Branchenführer haben ähnliche Argumente vorgebracht. Coinbase-CEO Brian Armstrong sagte, der CLARITY Act sei „näher denn je“ und würde dazu beitragen, das Finanzsystem schneller, günstiger und zugänglicher zu machen. Er sagte außerdem, dass die neueste Version einen „echten Kompromiss“ darstelle, bei dem sowohl Banken als auch Kryptounternehmen Zugeständnisse bei Stablecoin-Prämien machen.

Dennoch stößt das Gesetz auf politischen Widerstand. Senatorin Elizabeth Warren kritisierte sie als zu vorteilhaft für die Branche und warnte, dass sie Risiken für Verbraucher, Investoren, die nationale Sicherheit und die finanzielle Stabilität darstellen könnte. Quellen zufolge halfen die demokratischen Senatoren Ruben Gallego und Angela Alsobrooks, das Gesetz im Ausschuss voranzubringen, könnten es aber im Senat nicht unterstützen, solange die Verhandlungen nicht fortgesetzt werden.

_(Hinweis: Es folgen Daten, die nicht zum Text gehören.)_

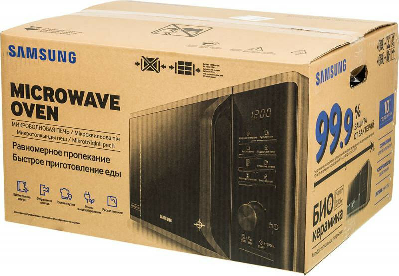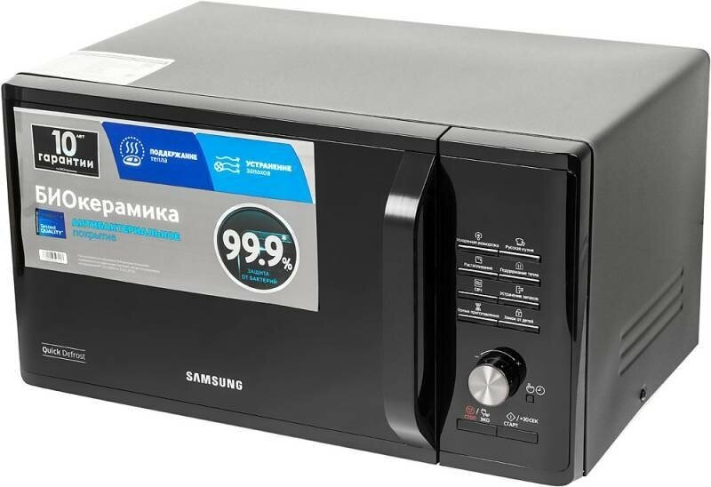 блокировка от детей, дисплей, кнопка +30 секунд, подсветка камеры, система равномерного распределения микроволн, 9 % защита от бактерий, БИОкерамика - 99, БИОкерамика - 99, 9 % защита от бактерий, автоменю (20 рецептов), быстрая разморозка (4 режима), С поворотным столом, Таймер, Часы, автоменю (20 рецептов), быстрая разморозка (4 режима), таймер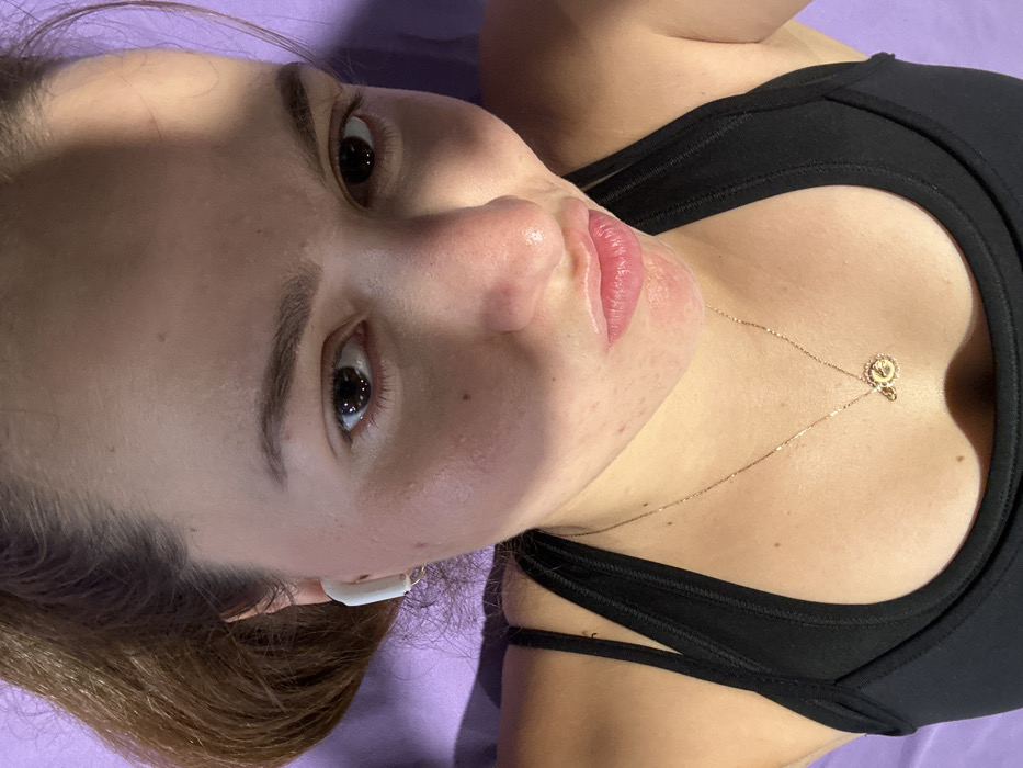 A close-up, inverted portrait of a female subject is presented, capturing her from the upper chest to the crown of her head. The subject is positioned supine, with her face oriented towards the bottom of the frame. Her dark eyes are open and directed towards the camera. Her lips are full and light pink. She exhibits a fair to medium complexion. Her upper torso is covered by a black athletic top or sports bra with visible straps. A thin, gold-colored chain necklace with a small circular pendant rests in the sternal notch area. A white wireless earbud is visible in her right ear (viewer's left). Her brown hair is partially visible to the lower right of the frame. The background consists of a uniform, matte light purple surface, likely a mat or fabric. The lighting generates a distinct diagonal shadow across her forehead and nose. No specific geographic location, including any area within Paris, France, is identifiable from the visible scene elements.

Derzeit sticht der CLARITY Act hervor, weil er Marktklassifizierung, Aufsichtsbehördenrollen, Verbraucherschutz, Geldwäscheschutz und institutionelle Adoptionsregeln in einem Rahmen vereint. Es ist zwar kein Gesetz geworden, aber sein Fortschritt zeigt, wie zentral die Struktur des Kryptomarktes in Washingtons Finanzpolitik geworden ist.